TranscribeView
TranscribeView is a web-based tool designed to evaluate and visualize errors in speech recognition and speaker diarization. It provides an interface for assessing both speaker recognition and speaker diarization errors. The system leverages the align4d package, a powerful multiple sequence alignment tool, to accurately map reference and hypothesis transcripts. By combining these features, TranscribeView aims to aid in the advancement of data-driven conversational AI research.
Interface
The above example shows a working example of the TranscribeView interface, employing a reference transcript from the ICSI Corpus for demonstration purposes. This interface is organized into distinct sections, each serving a specific purpose:
Components:
-
Sidebar: This is located on the left side of the interface. It hosts several crucial features:
-
Dropdown Menu for Evaluation Metrics: Allows users to select the specific evaluation metrics they wish to apply to the transcript analysis.
-
Dropdown Menu for Annotation Types: Offers users a variety of annotation types to choose from for their specific analysis requirements.
-
Transcript Statistics: Presents users with vital statistical data including the token count, number of speakers, speaker identities, and speaker alignment.
-
-
Metrics: This is situated at the top of the right section of the interface. It displays the score of the selected evaluation metric, providing real-time analysis feedback.
-
Visualization Area: Constitutes the majority of the right part of the interface. It's divided into two columns and visualizes the selected transcript and its corresponding analysis.
Installation
git clone https://github.com/emorynlp/TranscribeView.git
cd TranscribeView
pip install --upgrade pip
pip install -r requirements.txt
Quick Example
Here is an quick example you can play with using provided alignment data.
streamlit run transcribeView.py
The TranscribeView interface will pop up in the browser.

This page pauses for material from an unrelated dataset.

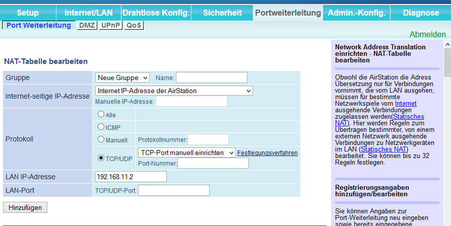 Buffalo WHR-G300N Port-Weiterleitung einrichten funktioniert nicht

In the upper left coner, upload data/example_result.json
and you are ready to explore the transcripts.
Getting Started
Using TranscribeView involves two main steps: Running the alignment script and then feeding the generated JSON file into the TranscribeView system. Here's a step-by-step guide on how to do that:
1. Prepare your transcripts
Your transcripts need to be in a specific format for TranscribeView to process them. Prepare a CSV file with four rows:
hmm,You,can,tell,if,it,picking,up
C,D,D,D,D,D,D,D
two,you,can,tell,if,its,picking,up
2,2,2,2,2,2,2,2
In the above example:
- Row 1 gives the sequence of tokens in reference transcript.
- Row 2 is the speaker label for each tokens in reference sequence.
- Row 3 should be the sequence of tokens in hypothesis transcripts.
- Row 4 has the speaker label for each tokens in hypothesis sequence.
- Example input file can be found in
data/example_input.csv
.
2. Run the align.py script
Once your transcripts are prepared, run the provided align.py script. This script aligns the hypothesis and reference transcripts to generate a JSON file. Here's how you can do it:
python align.py inputfile.csv -o outputfile.json
The inputfile.csv
should be following the format as step 1 mentioned. The outputfile.json
is optional. If no output
name specified, the output will be written in inputfile.json
.
Here is an example you can use to align the example input file:
python align.py data/example_input.csv -o data/outputfile.json
3. Run TranscribeView
After creating the alignment JSON file, we can finally use transcribeView to evaluate it. The following command opens up a browser window for the TranscribeView System.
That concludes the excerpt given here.